Hey @FiftyOneFifty! Thanks for the question. As always with these types of questions, the answer is "a little of everything."
As I mentioned in a previous post, there are two primary styles of speech recognition. First (and most commonly provided to developers) uses a pre-defined grammar definition, and all things ever to be recognized must fit into this grammar. The existence of the grammar itself limits the scope of all things recognizable, makes updating the vocabulary live difficult, and the sheer size of the grammar (imagine adding all music artists so you can request any style of music from spotify) can be problematic, even with more lax space constraints of a desktop pc. There are commercial offerings in this space (most notably Nuance), but they are not free, and definitely not OSS.
The second style of speech recognition is called "dictation," and as the name suggests it's for transcribing general purpose dictation. This is the type of thing you use on a daily basis in your smartphone (via google now or siri). Nuance is (again) a competitor in the space, and their tech was rumored to back Siri, though I would guess that APPL has taken a lot of that in-house. There isn't (to my knowledge) a high-quality open-source dictation recognizer available, and it would require significant specialized experience in the community to create one. If we can find one, running it off-device would probably be a requirement as well.

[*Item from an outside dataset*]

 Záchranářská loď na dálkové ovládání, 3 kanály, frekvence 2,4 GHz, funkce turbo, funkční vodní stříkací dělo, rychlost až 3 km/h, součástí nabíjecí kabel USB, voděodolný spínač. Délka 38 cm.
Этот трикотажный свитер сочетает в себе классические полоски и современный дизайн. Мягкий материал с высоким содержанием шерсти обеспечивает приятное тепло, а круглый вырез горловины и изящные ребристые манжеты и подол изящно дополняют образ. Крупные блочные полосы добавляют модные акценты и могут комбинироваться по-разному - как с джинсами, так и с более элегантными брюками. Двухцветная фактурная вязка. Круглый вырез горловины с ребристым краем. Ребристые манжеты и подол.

For either of these scenarios, there are two large datasets that need to be collected: an acoustic model, and a language model. The acoustic model is a standardized catalog of sounds in a language (or language subset), and the language model is a catalog of how those sounds form words. <\endOverSimplifiedExplanation> The wikipedia article on speech recognition is a good place to start off for learning about this stuff: https://en.wikipedia.org/wiki/Speech_recognition . Creating both sets of models requires a large amount of data, and knowledge of a specialized set of tools. Most of these tools are out of academia, and not particularly well packaged, so just getting them running can be a struggle. There are some public domain data sets available (like an english acoustic model of a male reading the wall street journal), but they're few and far between.

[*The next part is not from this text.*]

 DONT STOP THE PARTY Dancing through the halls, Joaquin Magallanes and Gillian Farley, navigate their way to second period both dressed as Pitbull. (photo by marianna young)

So, in summation, high quality data sets can require a lot of resources (mem and cpu), the OSS tech for STT may or may not be of sufficient quality to make mycroft a good experience (we're still investigating OSS solutions), and data. Always with the data!
As @ryanleesipes has mentioned, we'll be using Pocketsphinx for local wake-word recognition (which is pretty limited in its capabilities), and then kicking off-device for dictation TTS. Personally, I intend to make that latter part plug-and-play, so users can switch between Mycroft, GOOG, AMZN, or any other provider they'd like to use. The trade-off for you will be quality of recognition vs privacy concerns, as GOOG and others have superior tech/resources, and likely will for the foreseeable future.